In a separate incident, the drug control service's members in Yekaterinburg and their colleagues from the Federal Customs Service stopped another KamAZ from Central Asia with 150kg of heroin. The drugs, stored in 1kg packs, were discovered in flat iron containers, in wooden boxes amongst tomatoes and in bags of flour. An expert analysis established that the confiscated heroin was highly refined and could contain about 3.5 million doses. The approximate street value of the haul was put at over 150 million rubles.

According to Russia's law enforcers, nearly 80% of drugs are smuggled over the Russian border on the roads. Drug traffickers have become so audacious that they even risk transporting hundreds of kilograms over distances of up to 2,000km. According to the Russia's drug control service, which co-operates with its counterparts in Turkmenistan and Tajikistan, many underground labs producing Afghan and Pakistani drugs have been moved to provinces bordering on these countries. They have trans-shipment points in some border settlements, in particular, Kunduz, Imamsakhib, Taklukan, and Faizabad. To transport heroin and opium to Tajikistan, smugglers use the road in the Pamir Mountains (Khorog-Osh), and Horog-Kalai and Gumb-Dushanbe highways. Drugs are delivered from the Tajik capital to Russia and Western Europe via Uzbekistan, Kyrgyzstan and Kazakhstan.

The Russian border-guard group on the frontier between Tajikistan and Afghanistan provides the key shield against the smugglers, in particular, Afghan heroin couriers.The drug situation could improve if a political initiative to organise an anti-drug belt around Afghanistan were implemented. Russian Foreign Minister Sergei Lavrov, and representatives of China, Iran, Pakistan, Turkmenistan, and Tajikistan adopted this initiative in April 2004 in Berlin, as it is the best protection for Russia against the drug aggression from Central Asia.

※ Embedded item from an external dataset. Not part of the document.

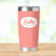 Verschenken Sie Ihre Hochzeitsjury mit diesem trendigen und personalisierten, rostfreien Edelstahl, Thermalwäscher mit ihrem Namen in stilisierter Schrift in einem weißen ovalen Design. Hintergrundfarbe und Skript ist eine Korallenfarbe. Personalisieren Sie Ihren Wärmeleiter, indem Sie den Namen der Brautjungfrau mit dem gewünschten Namen bearbeiten und ersetzen. Erhältlich in vielen beliebten Hochzeitsfarben.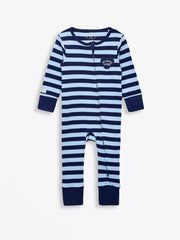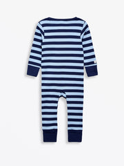 This Baby Footless Onesie is made from high-quality, 100% Premium Cotton knit fabric designed for maximum softness and breathability. The design features a full-length two-way zipper for easy access and a protective zipper garage at the neck to prevent irritation. This piece showcases our exclusive blue stripe pattern and a custom heart-shaped pocket on the chest. Available in sizes 0–24 months.

The problem of exposing and preventing illegal drug trafficking from Central Asia was one of the most important issues on the agenda of the latest session of the drug control service's board, which also featured representatives from the Russian Prosecutor General's Office, the Interior Ministry, the Federal Security Service (FSB), the Transport Ministry and other departments. The session emphasised the importance of closer co-operation between the Drug Control Committee and competent bodies of Russia and other countries, and also the need for a common database on countering the drug threat.